The mystery-solving community in “Vanished” experiences science firsthand, even speaking with scientists during the game’s progression. Volunteer scientists from the Smithsonian Institute interact live with the players to help sort out and strengthen the investigation. But do not expect the scientists to have all the answers. “The goal is not for the kids to play ‘20 Questions’ with [the scientists] until they get the answer. The scientists present themselves as a colleague, a fellow investigator,” explained Feeley. “The kids will come to them with hypotheses and they’ll help the kids develop an understanding of how to investigate these hypotheses.” The real-world scientists help to strengthen the science concepts in the game play. “We want to reaffirm to the kids that what they are doing is science,” said Osterweil.
And, if the first week after “Vanished” released is any indication, the more than 3,000 kids who signed up to play the game are psyched for science. In the first 24 hours of the game, there were more than 3,000 posts and the week’s clue, a complex cryptography challenge, was nearly solved. “I showed [the cryptography challenge] to my husband, who has a Ph.D., and he said, ‘No one can solve that code!’” said Feeley. “Well, a group of 12-year-olds did that together. These kids can do very powerful things when they work together and collaborate.”
The Future
“Vanished” ends on May 31 when the 8-week long mystery is solved. So, what happens to the game after that?

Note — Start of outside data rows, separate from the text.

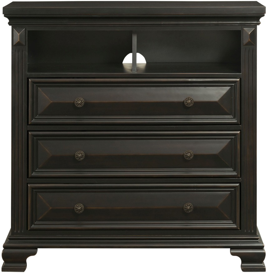 The Calloway Media Chest is a great addition to your home! This chest comes with three spacious drawers, making it easy to store away any belongings neatly. Two media compartments help keep devices properly in place, while the chord control cutout in the back keeps wires out of sight. The drawer fronts feature a raised panel design, adding extra flair to this already stylish piece. The dark metal finish knobs pair beautifully with the antique black finish. Bevel edges and bracket feet complete the look of this media chest.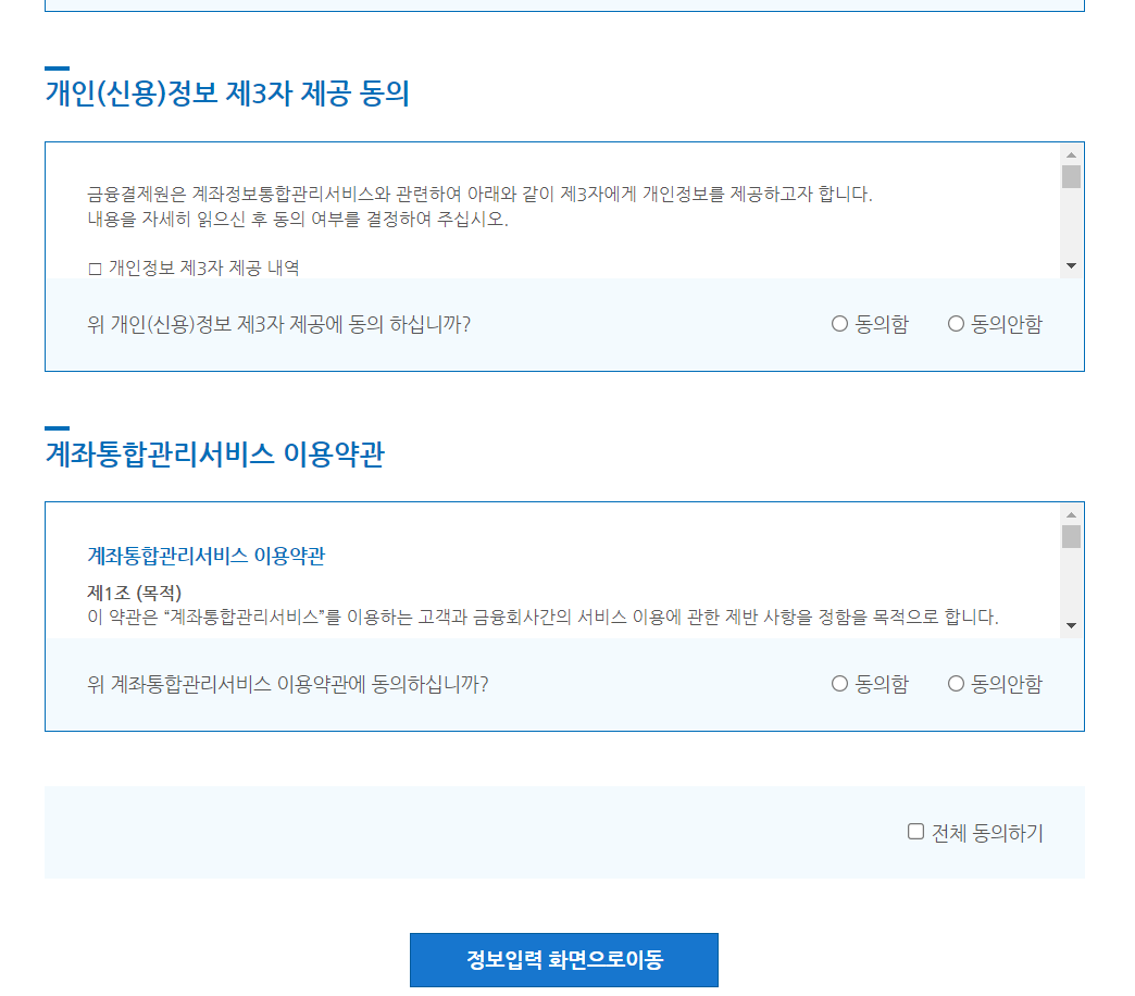 첫번째 단계로 개인정보 수집 및 이용동의를 하셔야 하는데요, 전체 동의하기 체크박스에 체크를 해 주신 뒤 정보입력 화면으로 이동 버튼을 클릭 해 주세요.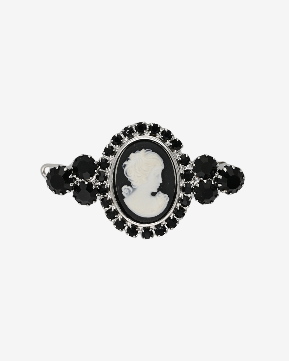 This is not a just hair clip - this is hair jewelry. Cameo Jeweled Clip features intricately crafted resin cameos framed by sparkling Swarovski crystals. The French lock closure ensures a secure and comfortable fit.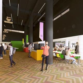 テラスダイニングコモンズは、6つの業態を展開するフードコートスタイルの学生食堂として、幅広いメニューを提供します。地元食材の積極的な活用や健康志向メニューの充実、さらにはフードロス削減の取り組みを通じて、キャンパス内外に「食」を入り口とした健康と文化の発信拠点を形成します。

Feeley said the game will not be replayed in its current state. “The exciting thing about ‘Vanished’ is that we’re creating open-source web tools to release, free of charge, to anyone who wants to use them,” explained Feeley. “We hope [‘Vanished’] is proof of concept and encourages other people to create this game for their own needs.” The potential for “Vanished” is even greater when applied to older age groups. “If we do this for an audience that’s older than thirteen, where we don’t get into the issues of Internet security, it becomes a much more wide open space,” said Osterweil.
Another opportunity is to expand the game to be played by families. “One of the things we think in general of educational games is that they have far greater value when the player has opportunities to reflect and discuss what they’re doing with other people, especially if that person is an educator or parent,” explained Osterweil. “To do a game with a whole family, we think, would be very powerful.”
Beyond “Vanished” and augmented reality games, the MIT STEP program and TEA are cooking up a new set of biology games played on smart phones. “We’ve done quite a bit on cell phones and smart phones,” said Kopfler. More commercial games are also a potential area of interest. “The fact is that people do learn science from pure entertainment games,” explained Kopfler. In fact, most people learn science from information settings such as museums, zoos, after-school programs, and yes, computer and video games. Games as fun, informal learning makes sense, though Kopfler thinks there’s another reason to use the format for learning: “I don’t think that the primary thing that’s great about games is that they’re fun. It’s not just about saying ‘You win!’ It’s not just about that achievement system. It’s about challenging people in a way that really engages them.”